Hof Adam 100408 ongevallenverzekering: geen objectiveerbaar letsel, vordering afgewezen,

Hof Adam 100408 ongevallenverzekering: geen objectiveerbaar letsel, vordering afgewezen,
3.1 Uit hetgeen hierboven is overwogen bij de bespreking van het deskundigenrapport, volgt dat het hof van oordeel is dat niet is komen vast te staan dat [EISER] door het ongeval van 18 januari 1998 objectiveerbaar, organisch letsel heeft opgelopen. Het gaat bij [EISER] uitsluitend om een psychogene stoornis, waarschijnlijk een conversiestoornis, waartoe het ongeval de aanleiding vormde.

3.2 Volgens [EISER] is [VERZEKERAAR] desalniettemin tot uitkering gehouden. Hij voert hiertoe primair aan dat de door de deskundigen genoemde conversiestoornis valt onder de definitie van blijvende invaliditeit in de polissen en dat het ongeval (en de daarop volgende angstgevende diagnoses van de diverse medische specialisten) heel goed deze stoornis kan hebben veroorzaakt. [EISER] betoogt dat een redelijke uitleg van de polis meebrengt dat genoemde diagnoses als "medische behandeling" in de zin van de desbetreffende polisbepalingen worden aangemerkt, zodat de gevolgen daarvan onder de dekking van de polis vallen. Subsidiair stelt [EISER] dat het in strijd is met een redelijke uitleg van de in de polissen opgenomen definities van het begrip ongeval om een eventuele persoonlijkheidsstoornis, indien deze zich na het plaatsvinden van het verzekerde evenement openbaart, aan te merken als een meewerkende oorzaak en aldus de gevolgen van die stoornis van dekking onder de polis uit te sluiten,

3.3 Het hof stelt voorop dat sprake is van een contractuele (verzekerings)relatie tussen [VERZEKERAAR] en [EISER] en dat het aan [EISER] is om aan te tonen dat [VERZEKERAAR] in de nakoming van haar verplichtingen jegens hem tekortschiet door in de gegeven omstandigheden niet uit te keren. Nu vaststaat dat [EISER] op 18 januari 1998 een ongeval is overkomen in de zin van artikel 2.4 van de Ongevallenverzekering en artikel 2.3 van de Reisverzekering, gaat het uitsluitend om de vraag of sprake is van het geheel of gedeeltelijk blijvend verlies of functieverlies van enig deel, orgaan of vermogen van het lichaam van [EISER], als gevolg van een geneeskundig vast te stellen letsel dat rechtstreeks en zonder medewerking van andere oorzaken als gevolg van dat ongeval is ontstaan.

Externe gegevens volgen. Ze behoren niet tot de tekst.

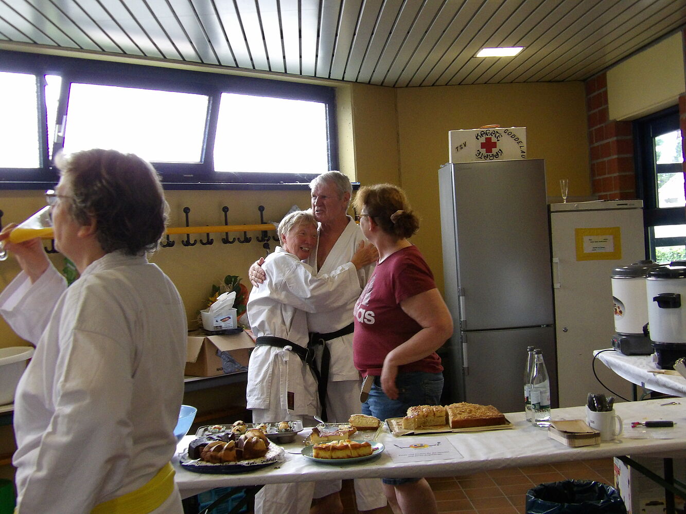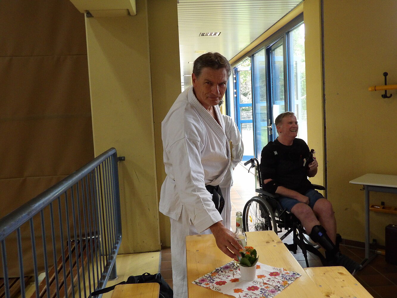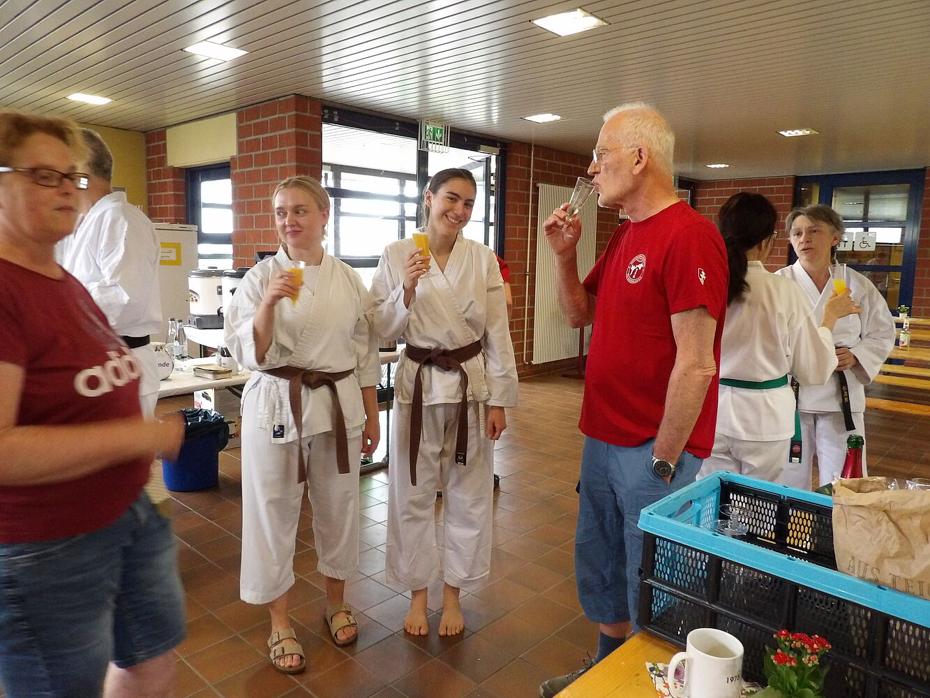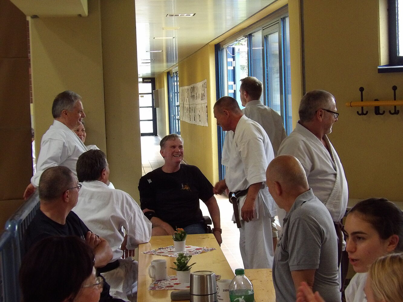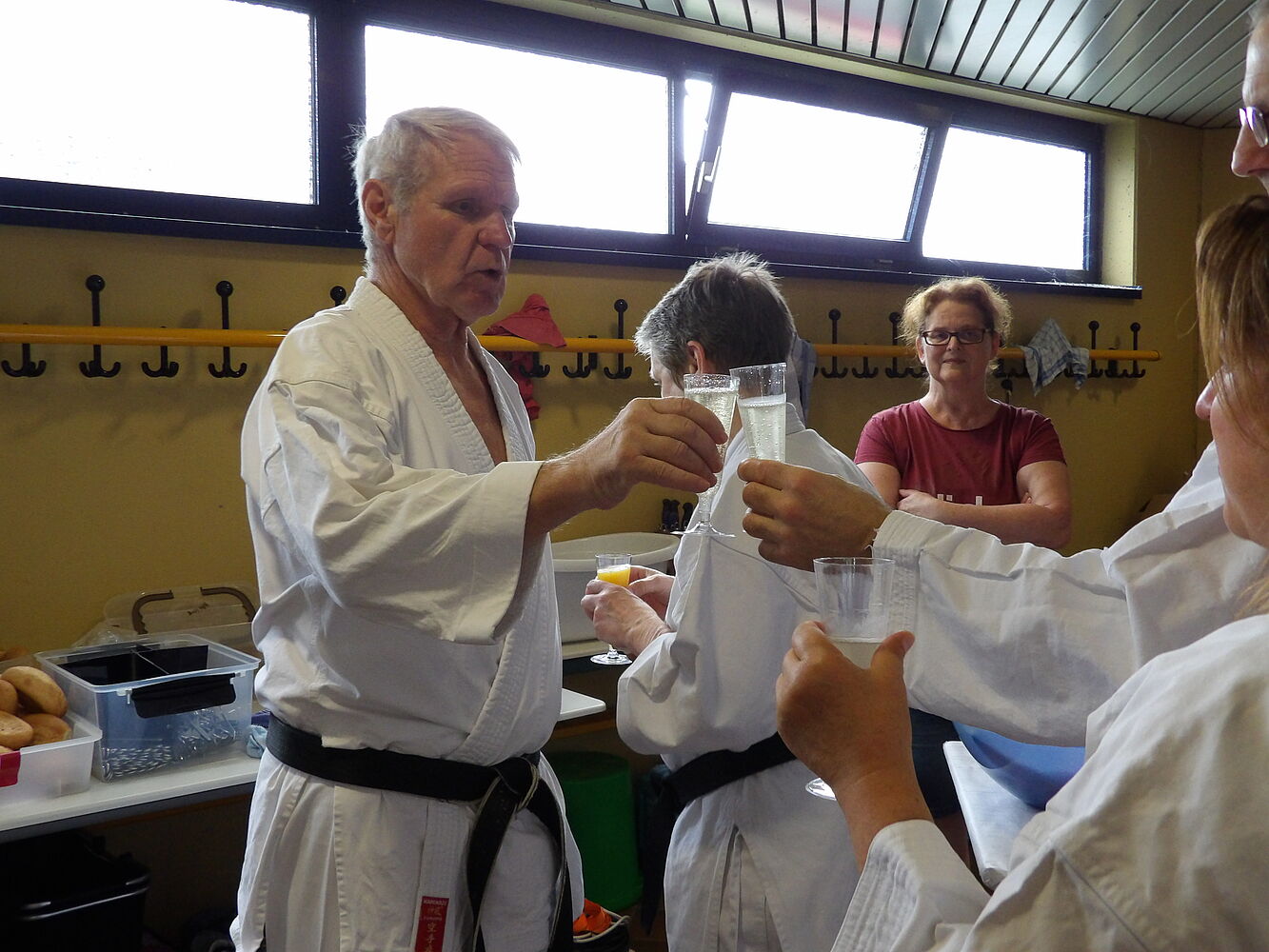 Der Dojoleiter dankte den Teilnehmern für ihr Kommen und den Dojo-Mitgliedern und Helfern für ihren Einsatz, durch den eine solche Veranstaltung erst möglich wird. Er lud abschließend auf ein Glas Sekt ein, was jedoch viele erst nach dem optionalen Hanbo- Training in Anspruch nahmen.
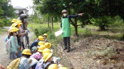 このゾーンではカブトムシの幼虫を育てており、成虫が好む樹液を出す木がたくさん植えられています。子供たちは、生き物と自然のつながりを学習していました。
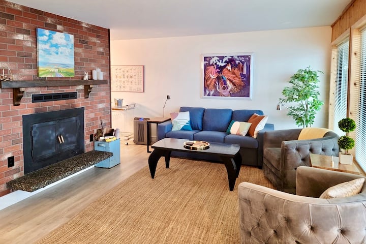 Beautiful Pickering is recently renovated and sleeps 6. Wake up to breathtaking views of Mount Rainier, wander the beach, soak in the hot tub, wrap up in a spa robe, and get cozy by the wood-burning fireplace. Cook on the gas stove, dine on the deck, breathe in the fresh forest air.
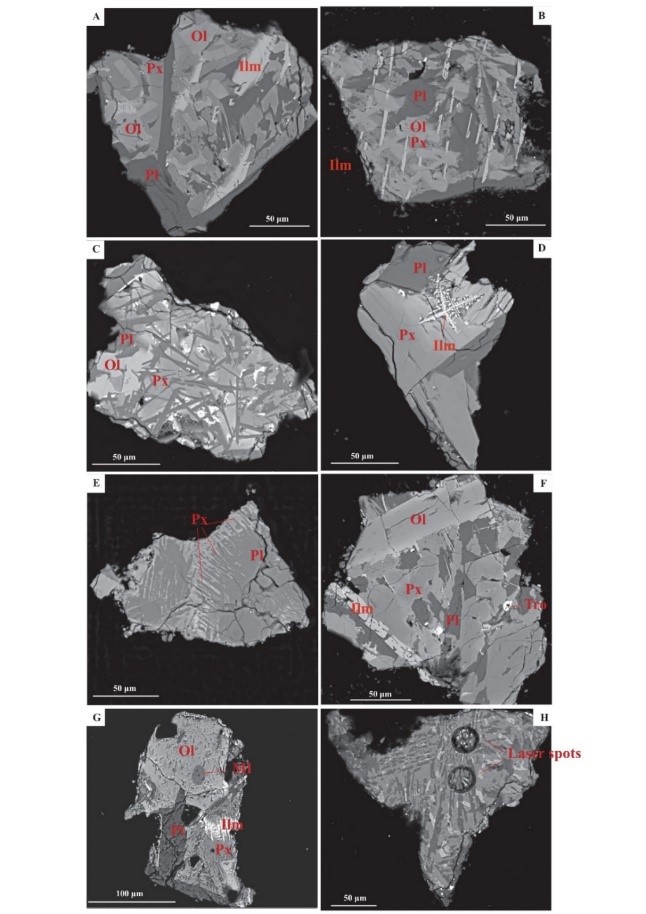 何琦老师及其科研团队此次研究聚焦于表取月壤(CE5C0400)中玄武岩的碎屑颗粒(basaltic fragments,100–400μm,图1),通过多种分析手段研究其具体的岩相结构及原位地球化学特征,并结合MELTS模拟反演了玄武岩的演化过程。
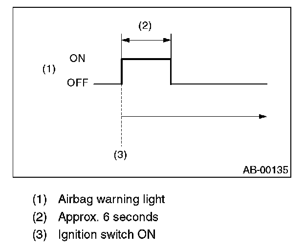 Keep the ignition switch to ON, and confirm that the airbag warning light remains off after being turned on for approx.

3.4 Die vraag beantwoordt het hof ontkennend, ook indien geen sprake is van simulatie maar van een conversiestoornis. In de feiten noch in de beschouwingen en conclusies van de door het hof benoemde deskundigen is een aanknopingspunt te vinden voor de veronderstelling dat het ongeval, of het daarbij ontstane letsel in de vorm van licht traumatisch schedel-/hersenletsel, rechtstreeks heeft geleid tot de conversiestoornis. Uit het deskundigenrapport valt veeleer af te leiden dat de stoornis zijn oorsprong vindt in de persoon van [EISER] en in de gebeurtenissen die na het ongeval hebben plaatsgevonden (de medische onderzoeken) . In het rapport wordt gewezen op de omstandigheid dat bij het allereerste neurologisch onderzoek, dat vijf en een halve week na het ongeval is uitgevoerd, geen neurologische afwijkingen zijn geconstateerd, doch dat zich bij [EISER] pas in de loop der tijd allerhande klachten zijn gaan ontwikkelen. Bij de talloze elkaar opvolgende medische onderzoeken zijn door de diverse onderzoekers vele bijzondere bevindingen gedaan, maar deze dienen volgens de deskundigen alle als passend bij psychogene stoornissen te worden gekwalificeerd. De deskundigen wijzen erop dat die diagnoses ongetwijfeld op [EISER], gedeeltelijk medisch onderlegd als hij is, diepe indruk hebben gemaakt.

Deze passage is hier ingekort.